Chapter 2 continues through 44 Sections.

In the broader context of the Revolution, Vermont's Constitution is one of the more democratic of the states' founding documents.   Vermonters' belief in their democracy and government was strong; the 1786 and later 1793 Constitutional Convention had the potential to create serious democratic backsliding.  Instead, Vermont delegates — reflecting their constituents's beliefs— supported small changes to the Constitution but overwhelmingly upheld their commitment to republicanism.  Even the similarly democratic Pennsylvania Constitution (which the Vermont Constitution was based on), abandoned, as Ingraham noted,  "Many of the most inspiring ideas still in use in Vermont today [...], making the Vermont Constitution more special than promised in 1777."  The absence of similar democratic measures in other states best exemplifies the limits of the Revolution.   As Ingraham concluded, "[The American Revolution] is best understood not as a watershed event that radically changed American society, but rather as one episode in a much longer continuum of change."

== 1786 Constitution ==
The 1786 Constitution of Vermont established a greater separation of powers than what had prevailed under the 1777 Constitution.
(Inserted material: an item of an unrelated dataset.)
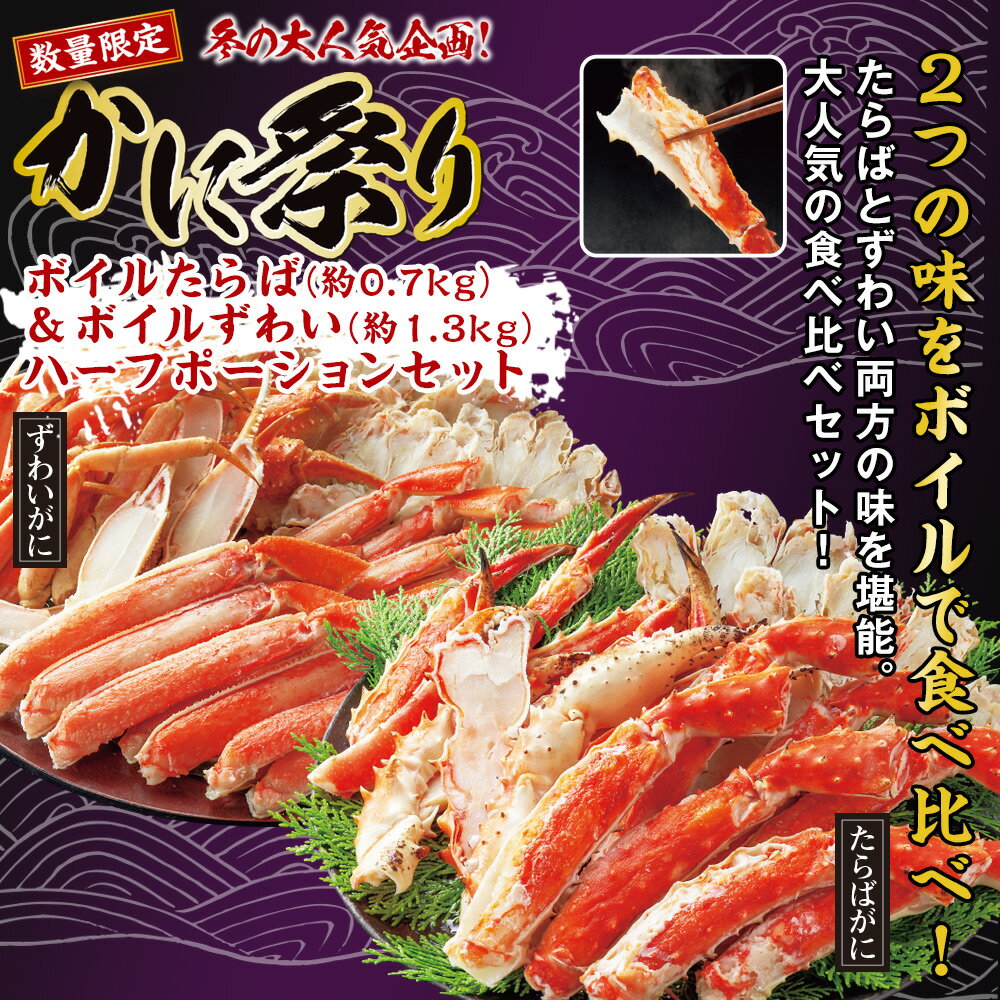2つの味をボイルで食べ比べ!【ずわい蟹(ロシア産)】【たらば蟹(ロシア産)】たらばとずわい両方の味を堪能。大人気の食べ比べセット!スペック●セット内容/たらば蟹約0.7kg、ずわい蟹約1.3kg●賞味期限/冷凍2027年4月●加工地/日本●原材料/たらばがに(ロシア産)、ずわいがに(ロシア産)●特定原材料等 /かに送料1100円(冷凍便でのお届け、送料は別途頂きます)注意事項※写真はイメージです。※解凍後そのままお召し上がり頂けます。80076※送料割引の適応はお届け先毎です。1回のお申し込み数ではございませんのでご注意ください。

In particular, it forbade anyone to simultaneously hold more than one of certain offices: governor, lieutenant-governor, judge of the supreme court, treasurer of the state, member of the governor's council, member of the legislature, surveyor-general, or sheriff. It also provided that the legislature could no longer function as a court of appeals nor otherwise intervene in cases before the courts, as it had often done.

The 1786 Constitution continued in effect when, in 1791, Vermont made the transition from independence to the status of one of the states of the Union. In particular, the governor, the members of the governor's council, and other officers of the state, including judges in all courts, simply continued their terms of office that were already underway.

== 1793 Constitution ==
The 1793 Constitution was adopted two years after Vermont's admission to the Union and continues in effect, with various later amendments, to this day. It eliminated all mention of grievances against King George III and against the State of New York. In 1790, New York's legislature finally renounced its claims that Vermont was a part of New York, the cessation of those claims being effective if and when Congress decided to admit Vermont.